My Dad bought a most exquisite and magical piece of land on Salt Spring Island in 1965 when I was living in New York City. It was 100 acres with a mile of oceanfront and no road in Sansum Narrows – a swift channel of ocean snaking its way between Salt Spring and Vancouver Island. The sea was deep and the tide ran fast, bringing abundant wildlife to the area.
It was love at first sight. No man has been able to compete with my love affaire of Bold Bluff – except my husband, who swept me off my feet.
Our log house was on the edge of a small mud flat cove with an eelgrass bed lying flat on the beach at low tide. Two fresh water streams ran into the cove, providing a rich estuary for marine life. We had a three-acre orchard and garden, and the rest of the land was Garry Oak bluff, and mixed forests of Douglas Fir, Cedar, Alder and Maple.
What a piece of good luck that this sacred land has been in my family for three generations and nearly fifty years.
When I inherited it, and after my marriage dissolved, I moved with my twelve-year old daughter to live full time at Bold Bluff. It was high adventure. Whenever anything went haywire, turned into party time for me: men came to fix things and I had to pick them up by boat. I served tea on Grandmother’s china and silver tray, and baked a cake or cookies. We all had fun, and of course, I snapped their photos.

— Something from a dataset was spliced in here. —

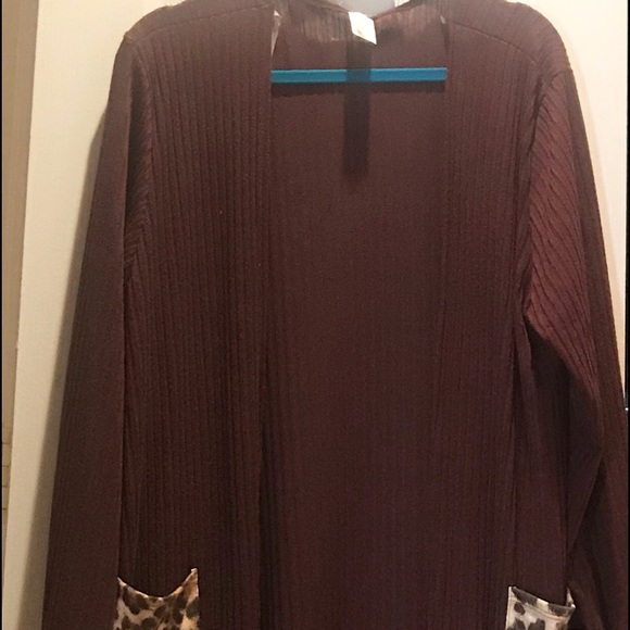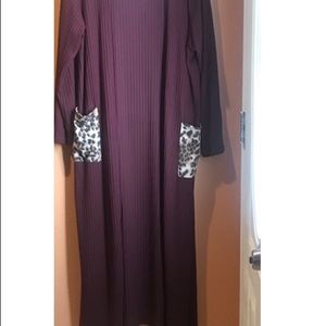 New. Long. Duster sweater. . Leopard pocket s. Size 2 x

Nearly everyone who set foot on Bold Bluff had to endure my camera.
Why did I have this passion for recording the moments lived at Bold Bluff? Perhaps it was because I was madly in love with the land, my place, my home. Everyone who had the privilege to come out to Bold Bluff was important to me (water witch, plumbers, electricians, contractors, chimney sweeps, BC Hydro crews) and I got a bang out of snapping his or her photo. I knew moments are fleeting and memory fades into a blanket of feelings. Taking photos was my way of capturing moments to be remembered later – as my child grew up and my hair turned white.